Умрешь не даром: дело прочно,
Когда под ним струится кровь.

В классе была тишина. Сидели ребята по-разному: кто подперев кулаками подбородок, кто навалившись на парту, кто, наоборот, откинувшись на спинку и заложив руки за голову. Один только Парамонов нашел где-то беленькую, будто тополиную, пушинку и, подкинув ее над головой, тихонько дул в нее. Прозрачная пушинка медленно плавала в воздухе. Она то взлетала вверх, то опускалась, переворачиваясь вокруг себя, то вдруг отлетала далеко от Парамонова, и он вынужден был хватать ее рукой. Пушинку постепенно заметили все ребята, оживились, и по классу пошло легкое движение.

Ирина Николаевна оглядела всех, потом посмотрела на себя — может быть, одежда не в порядке, — и вдруг, опять взглянув на класс, спокойно сказала:

— Ну-ка, Парамонов, убери свой планер!

Интерес к пушинке у всех сразу пропал. Ирина Николаевна продолжала урок.

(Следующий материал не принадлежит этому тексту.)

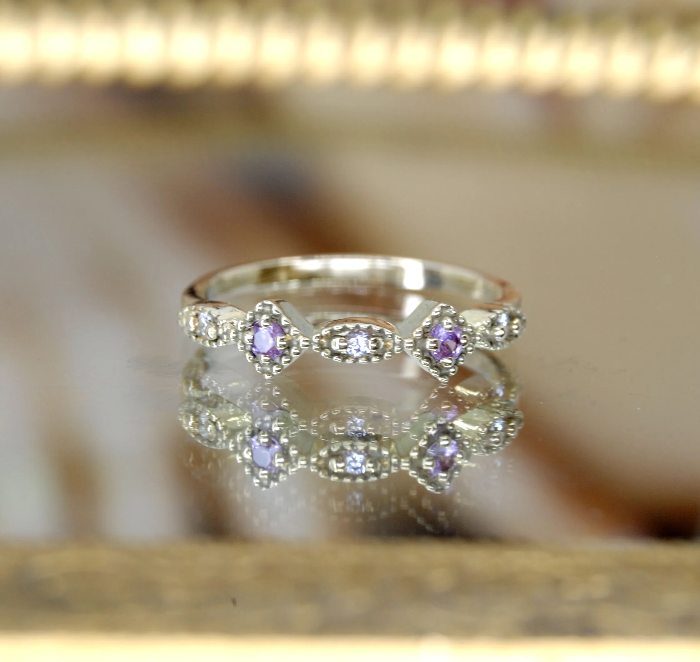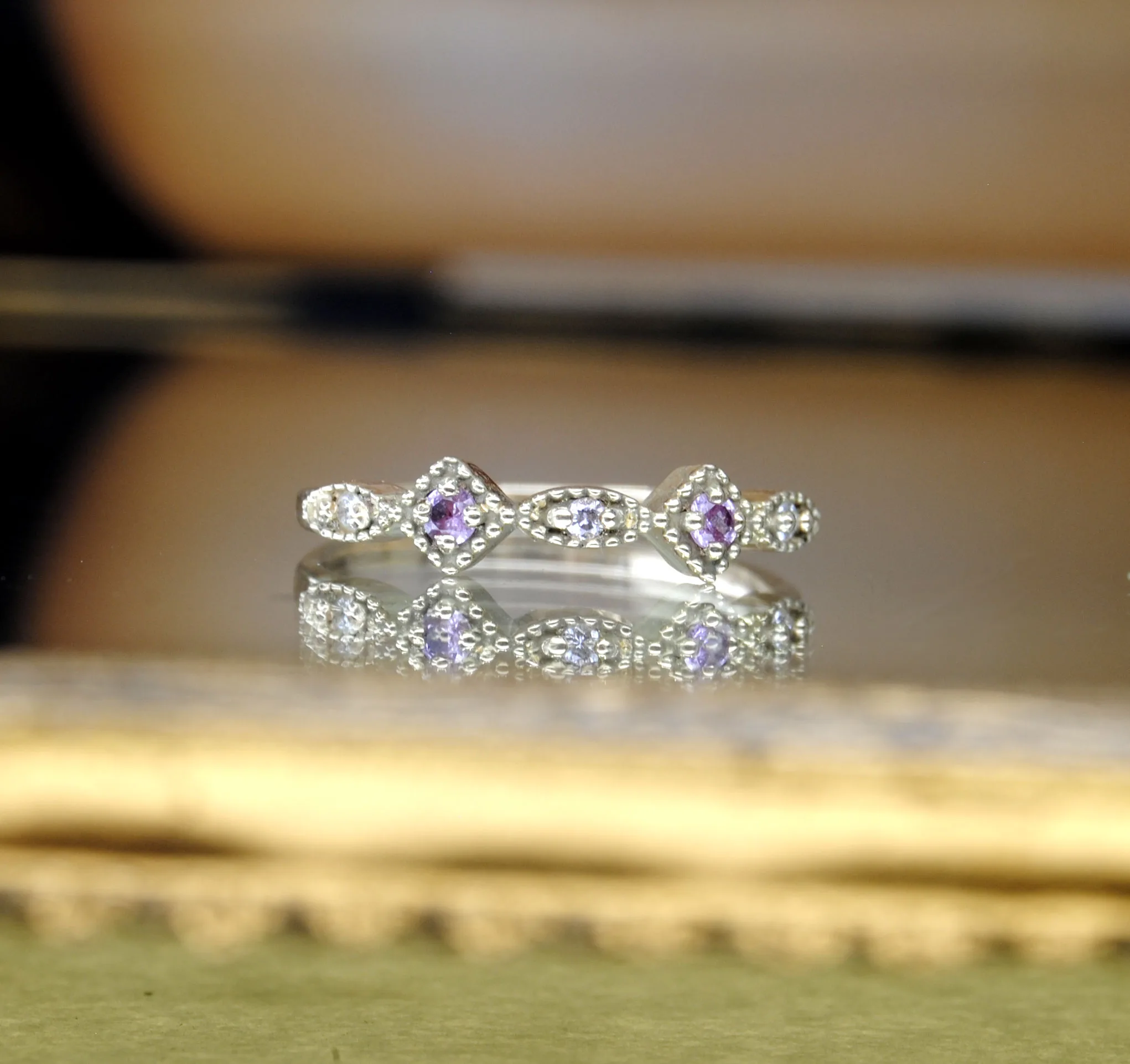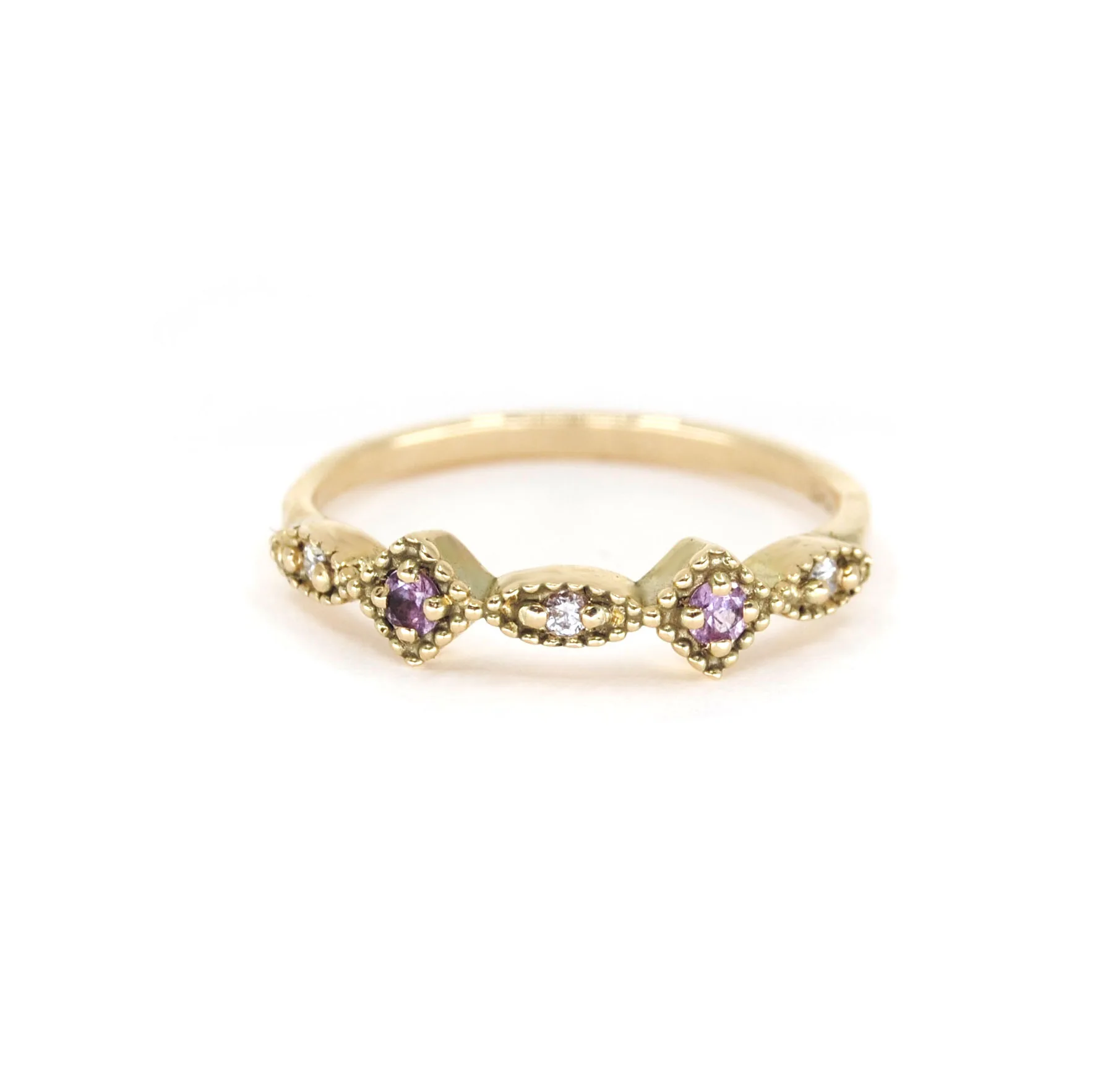 Deze schitterende moderne ring heeft een 3 prachtige geslepen Diamanten 2 lichtroze Saffieren.

— А вот интересно, ребята, — сказала она, — кто из вас читал роман Чернышевского «Что делать?»?

— Я! Я читал! — послышалось с парт, и несколько рук взлетело вверх.

— Хорошо… Это произведение, которое сыграло огромную революционную роль в России, вы будете изучать в девятом классе, но сейчас мне бы хотелось рассказать вам о любопытном событии из истории редактирования Некрасовым «Современника». Событие предшествовало выходу в свет этого романа.

Парамонов не унимался. Он положил под ботинок шестигранный карандаш и прокатил его по полу.

«Р-р-р», — заурчало в классе. Но на это никто не обратил внимания.

Парамонов сильней нажал на карандаш, и в классе уже ясно кто-то хрюкнул.

Димка рассердился на Парамонова и послал записку: «Парамонов, перестань, хуже будет!» — но тот опять прокатил карандаш под ногой.

— 7 июля 1862 года царское правительство заключило Чернышевского в Петропавловскую крепость. Сидя в тюрьме, Николай Гаврилович много читал и писал. И здесь-то, за решеткой, при свечном огарке, он создал свой замечательный роман «Что делать?» и отправил его Некрасову в журнал. Дальше было вот что… Об этом пишет в своих «Воспоминаниях» близкая подруга Некрасова…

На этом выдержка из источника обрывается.